THE DATA:

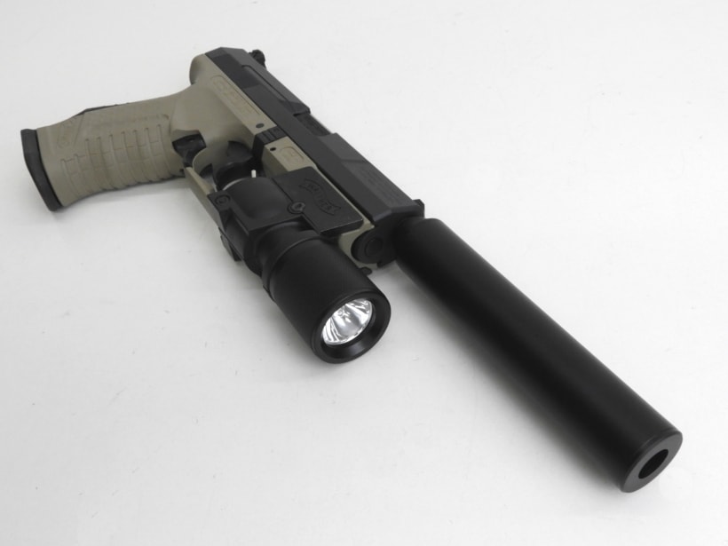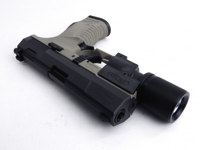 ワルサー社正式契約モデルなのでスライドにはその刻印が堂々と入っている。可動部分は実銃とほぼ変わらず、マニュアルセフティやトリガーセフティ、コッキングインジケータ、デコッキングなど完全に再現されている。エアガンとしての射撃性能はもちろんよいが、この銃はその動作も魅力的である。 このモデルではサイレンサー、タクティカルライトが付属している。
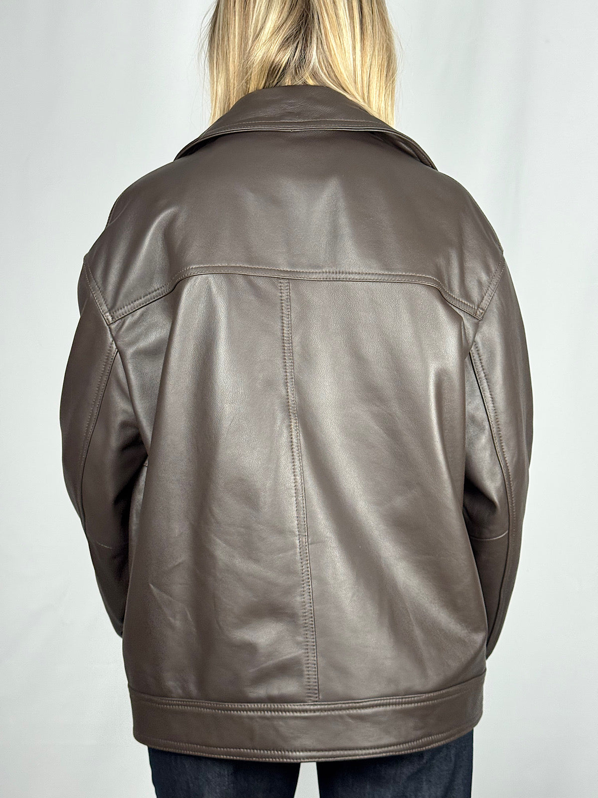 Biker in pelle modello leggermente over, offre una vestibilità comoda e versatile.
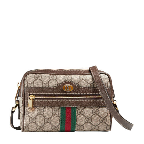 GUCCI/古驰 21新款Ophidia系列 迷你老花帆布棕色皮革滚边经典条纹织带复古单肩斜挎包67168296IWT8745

REQUIREMENT: The answer should contain nothing but the lines from the top of the data above through the line containing "Biker in pelle", copied exactly, with no images.

REPLY TO THE EXERCISE:
 ワルサー社正式契約モデルなのでスライドにはその刻印が堂々と入っている。可動部分は実銃とほぼ変わらず、マニュアルセフティやトリガーセフティ、コッキングインジケータ、デコッキングなど完全に再現されている。エアガンとしての射撃性能はもちろんよいが、この銃はその動作も魅力的である。 このモデルではサイレンサー、タクティカルライトが付属している。
 Biker in pelle modello leggermente over, offre una vestibilità comoda e versatile.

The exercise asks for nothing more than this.